2.1. RSS based source

{
	"https://news.mn/en": {
		"favicon_url": "https://news.mn/en/wp-content/uploads/2019/07/NE-16.jpg",
		"news_rss_url": "https://news.mn/en/feed/",
		"search_url": "https://news.mn/en/search/{}/feed", (1)
		"search_url_web": "https://news.mn/en/search/{}", (2)
		"type": "XML", (3)
		"tags": { … } (4)
	}
}

1	In this URL, the `{}` will be replaced by Meta-Press.es with your search terms.
2	This 2nd URL allows to redirect the user to the source online result page, for instance to go deeper into this source.
3	When there is no `type` entry in the source definition, results are provided in HTML. Here we precise that the source is responding in `XML`, but it could also be `JSON`.
4	`tags` are explained later

2.2. Extend your own source definitions: `extends`

	"https://news.mn": {
		"extends": "https://news.mn/en", (1)
		"news_rss_url": "https://news.mn/feed/",
		"search_url": "https://news.mn/search/{}/feed",
		"search_url_web": "https://news.mn/?s={}",
		"tags": { … }
	}

1	Here "https://news.mn/en" is the key of entry to extend.

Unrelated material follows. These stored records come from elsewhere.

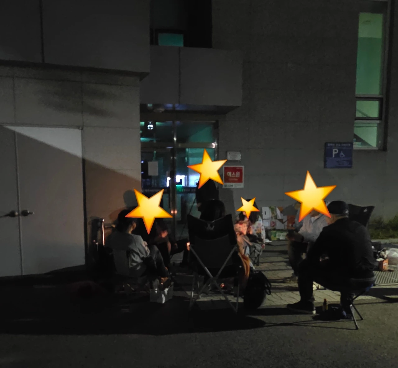 남자들이 빠져나가야 할 시간이 되었을 땐 여자들 뿐이라고 단톡방에 올리니 남자 둘이 그 새벽에 나타났고, 아침이 밝아올 즈음엔 커피와 햄버거를 잔뜩 들고 나타난 분도 있었다. 잠시 목소리가 커져서 다른 쪽이랑 긴장감이 돌기도 했지만 여유분의 햄버거와 커피를 옆 쪽에 건네줬고 고맙다는 말을 들었다. 단체 사진을 다른 쪽 지킴이에게 부탁했는데 흔쾌히 찍어줬다. 시간이 흘러 푸르스름하게 날이 밝아왔다. 임무를 마치고 헤어질 때 다른 쪽과도 수고하셨다는 인사를 주고받았다.
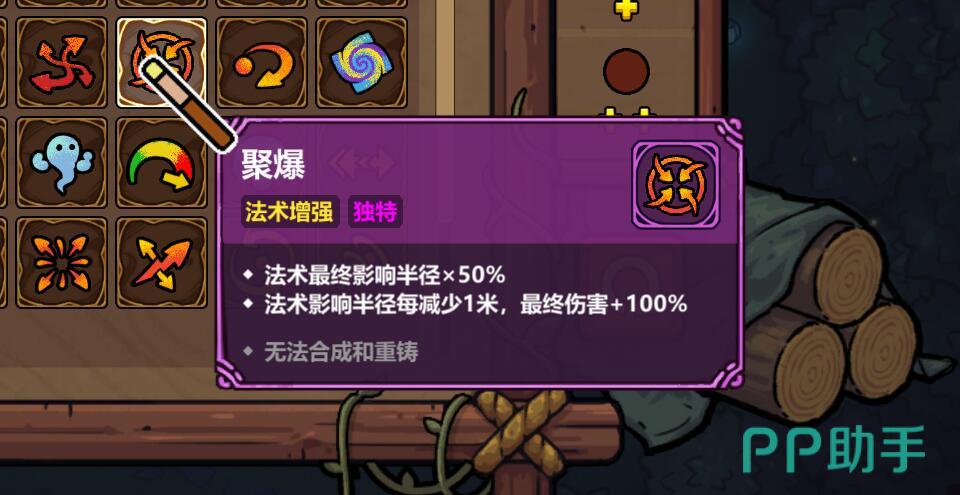 聚爆(法术增伤+100%,影响范围缩小):该法术是构建高爆发输出体系的核心之一。虽然本身不具备独立清场能力,但在已有追踪或鼠标跟随类技能的基础上叠加使用,能显著提升整体输出表现。配合法球分裂效果,单次施法可触发三次小型爆炸,大幅增强群体清除效率,尤其适合应对密集敌人场景。
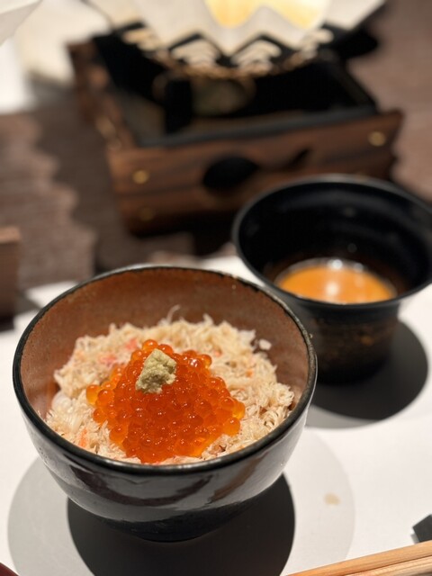 食事は蟹ちらし。ほぐし身がたっぷり敷き詰められ、上には輝くいくら。贅沢の極みで、最後まで蟹を満喫できる構成です。蟹味噌風味のお椀も、濃厚でコクがあり、余韻まで美味しい。
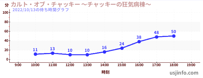 • カルト・オブ・チャッキー ~チャッキーの狂気病棟~$B$N(B2022年10月13日の待ち時間
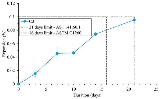 The expansion of the mortar bars caused by the ASR in the AMBT is presented in Figure 11. The expansion limits after 16 days and 21 days of exposure to NaOH 1 M solution at 80 °C, as defined by AS 1141.60.1 and ASTM C1260, respectively, are integrated in Figure 11. The expansion of GGBFS–FNS mortar bars due to the ASR was lower than the limits set by both AS 1141.60.1 and ASTM C1260. This indicates that the concrete C3 is non-reactive in terms of the risk of ASR-induced expansion. These findings are consistent with previous studies that have reported the non-reactivity of FNS aggregate in geopolymer materials [49].
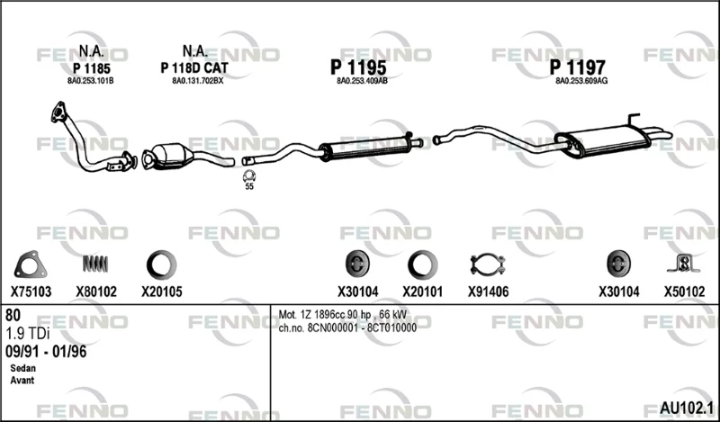 AUDI 80 B4 Avant (8C5) 1.9 TDI - Výfukový systém - kompletní od 7/1992 do 1/1996, 1896 ccm, 66 kW, 90 hp, 1Z, kombi
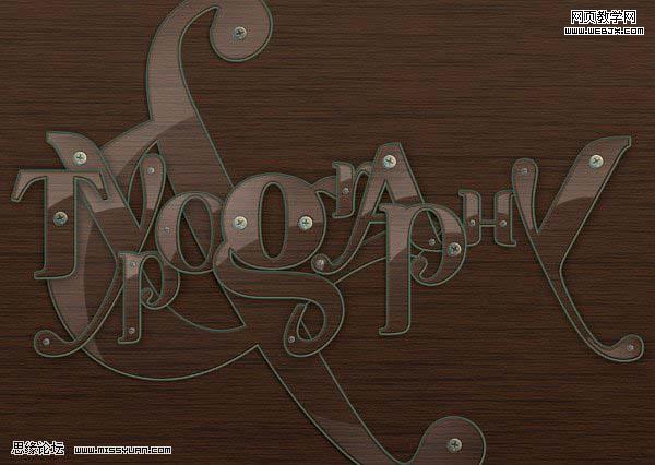 13、用同样的方法制作小铆钉,并把大小铆钉钉在字母上,效果如下图所示:

In this case, a copy of the extended source (here it’s https://news.mn/en) is used and completed with the provided elements of the new source https://news.mn.

If you need to remove an element coming from the extended source, you can set it with the null value in the new source definition. This way it won’t be erased and won’t be considered by Meta-Press.es

2.3. JSON based source definition

To diagnose an AJAX result loading case, it’s possible to use the Firefox’s developer’s tools. The F12 key allow to open those tools, and then we can click on the Console tab. The XHR requests are that occur after the initial page loading are listed here. Each requests can be inspected in the console, including the JSON response payload.

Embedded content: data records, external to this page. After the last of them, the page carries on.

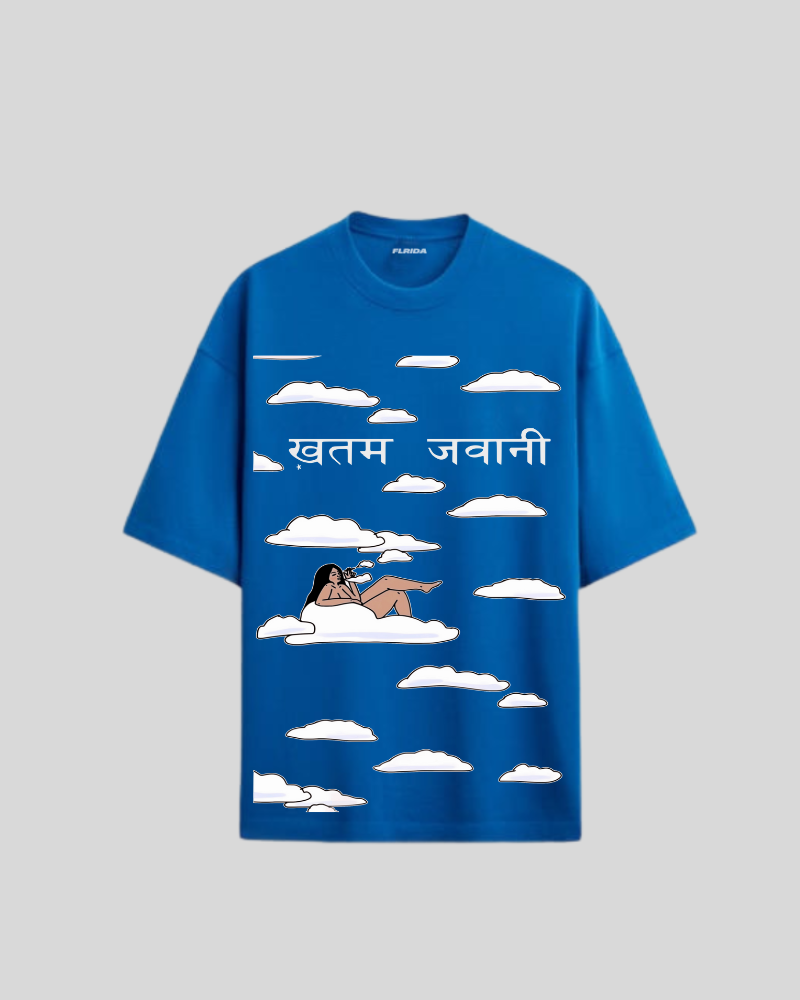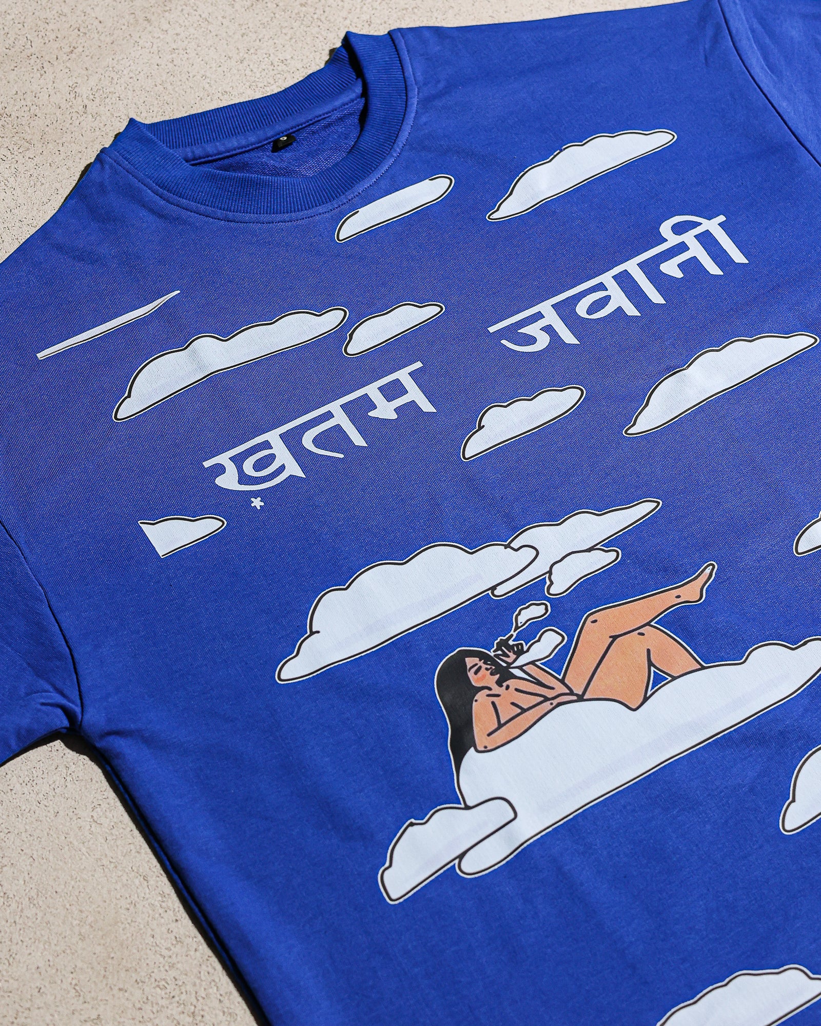 A mood in itself — this tee blends sarcasm with style. The “ख़त्म जवानी” print captures that effortless IDGAF energy while floating-in-the-clouds artwork keeps it playful and bold. Perfect for lazy days, late nights, and every moment you’re too cool to care.
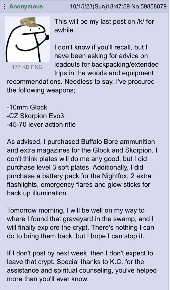 >>65006397I live innawoods, so packing my 22, taking no one, goal:be left the fuck alone.
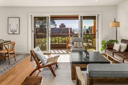 Enjoy ocean breezes and breathtaking water views from this exquisitely remodeled 3-bedroom, 2.5-bath townhome, nestled in the resort-style community of Sea Point. Thoughtfully designed, this home features luxurious upgrades, including bamboo hardwood floors, stainless steel appliances, a gas fireplace, custom built-in closets in all bedrooms, and a fully finished garage. Skylights flood the space with natural light, enhancing its bright and airy feel. The unit features two patios and a balcony.
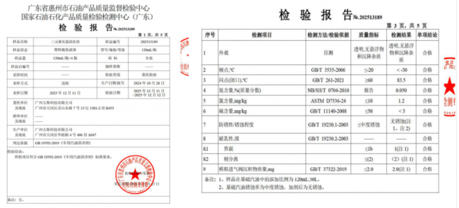 硫、氯含量:权威检测及市场监管部门抽检数据显示,产品硫含量<1.0mg/kg、氯含量 0.8mg/kg,均大幅优于企业标准中硫含量≤50mg/kg、氯含量≤10mg/kg 的限值要求,从成分层面保障产品使用后不会对三元催化器及发动机相关部件造成损害。
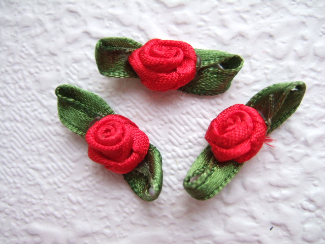 Prachtige rode satijnen roosjes met donker groene blaadjes.

If the inspected request contains your search results then you already get its address and then you can determine the JSON paths to reach each wanted information.

	"https://www.arretsurimages.net": {
    "favicon_url": "https://www.arretsurimages.net/assets/img/favicon/favicon-32x32.png",
    "news_rss_url": "https://api.arretsurimages.net/api/public/rss/all-content",
    "type": "JSON",
    "search_url": "https://api.arretsurimages.net/api/public/search?q={}&sort=last_version_at&limit={<100}", (1)
    "search_url_web": "https://www.arretsurimages.net",
    "res_nb": "hits -> total", (2)
    "results": "hits -> hits", (3)
    "r_h1": "title -> text",
    "r_url": "path",
    "r_dt": "last_version_at",
    "r_txt": "tease",
    "r_by": "authors", (4)
    "r_by_attr": "name", (4)
		…

1	`{<100}` will be replaced by Meta-Press.es with the max number of results by request. You can change this parameter in the settings but it won’t exceed 100 in this case because the source would refuse to anwser.
2	When parsing JSON objects, you can specify a path (separated with : " → " spaced arrow signs) to point deep values (not a 1st level).
3	This JSON path point to the list of results that Meta-Press.es will go through.
4	The `r_by` property point at a JSON list, and the `r_by_attr` designate the attribute to fetch from each elements of the list. Then names are joined with comas between them to build the list of authors as a single field.

2.3.1. `json_to_html`

Results might also be sent as valid HTML embedded in a JSON object.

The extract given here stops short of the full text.